Riven · June 12, 2013, 12:31am

If you looked at my code, you’d have seen I did the same

I never needed more accuracy than 12 bits, so I just halved memory, when I ditched the cos lookup table.

[quote=“Nate,post:25,topic:42462”]
That’s actually a nice feature, but only really useful for the atan2-LUT. Every single game will need fast sin/cos, so I don’t really see the point in lazy loading the sin-LUT.

I didn’t change that much… I think we went through every ‘diff’ by now

Nate · June 12, 2013, 3:39am

I tend to use the LUT in games and libgdx itself, but other libgdx contributors don’t. In fact they seem to actively change libgdx to not use the LUT. Eg, scene2d no longer uses it. I haven’t investigated their reasoning, but I assume they don’t feel it is accurate enough. Maybe when compounded?

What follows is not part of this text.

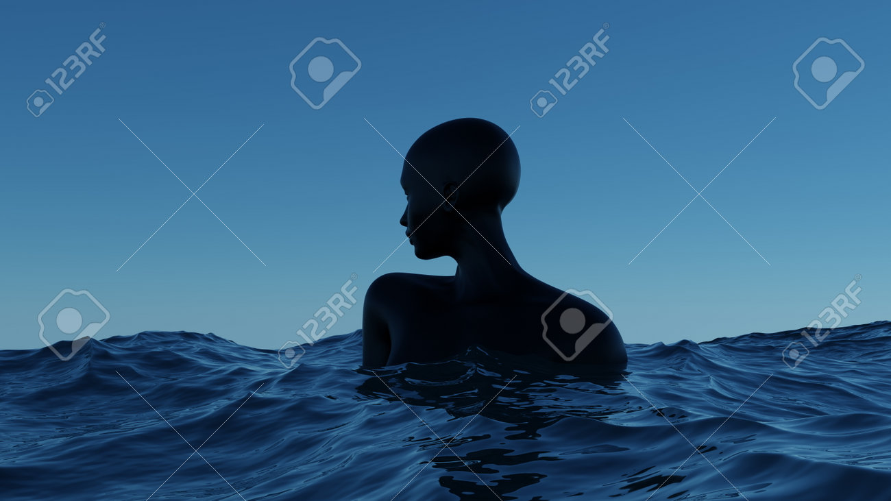 夕日を背景に海にいる黒人女性。髪のない女性、水中のハゲの女の子。3Dレンダリングの写真素材・画像素材 Image 209812380。

Roquen · June 12, 2013, 1:18pm

Protip: Don’t come home at 4am, decide not to go bed and instead write some code…it might look like this: http://pastebin.java-gaming.org/a71aa0c1f6a. That code is totally broken…I didn’t even check that the min-max method hadn’t converged. But, now a few hours later I realize that it doesn’t really matter. The point of throwing that together was to be able to do a side-by-side comparison of a polynomial of a given degree with table based in Riven’s microbench marks as data points…so only the form and number of term really matters. All of these are formulated in Horner, so no attempt to break up dependency chains (thankfully I can’t image what that might have ended up looking like).

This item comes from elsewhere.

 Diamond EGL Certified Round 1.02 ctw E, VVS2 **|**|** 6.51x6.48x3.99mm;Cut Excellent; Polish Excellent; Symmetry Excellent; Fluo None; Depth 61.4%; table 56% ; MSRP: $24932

What I see using 64 bit build 1.7.0_21-b11, with: -X:MaxInlineSize=100 -XX:CompileThreshold=1000. I set the first because it might be why Riven is seeing a slowdown when breaking dependency chains and you probably do want to use a higher value than the default in general (39 is what I think it is and the number is the count of java bytecodes). The second option is to be mostly avoided as it will cut short collecting of profiling information and cause routines that probably don’t been to be compiled to be, well, compiled.

bad_sin_0 is just an equivalent to Riven’s original power series (minus doubles and nested) and is slightly faster than “half”.
bad_sin_3 is about the mid-point of full and half. This form on +/-{pi, pi/2, pi/4} have relative error values of ~{.0000167044, 5.3134810^-9 , 4.5408410^-12}
bad_sin_5 is about the same speed as “full”. This form on +/-{pi, pi/2, pi/4} have relative error values of ~{.0194862, .000108162, 1.5071*10^-6}

Well, assuming I didn’t screw up again.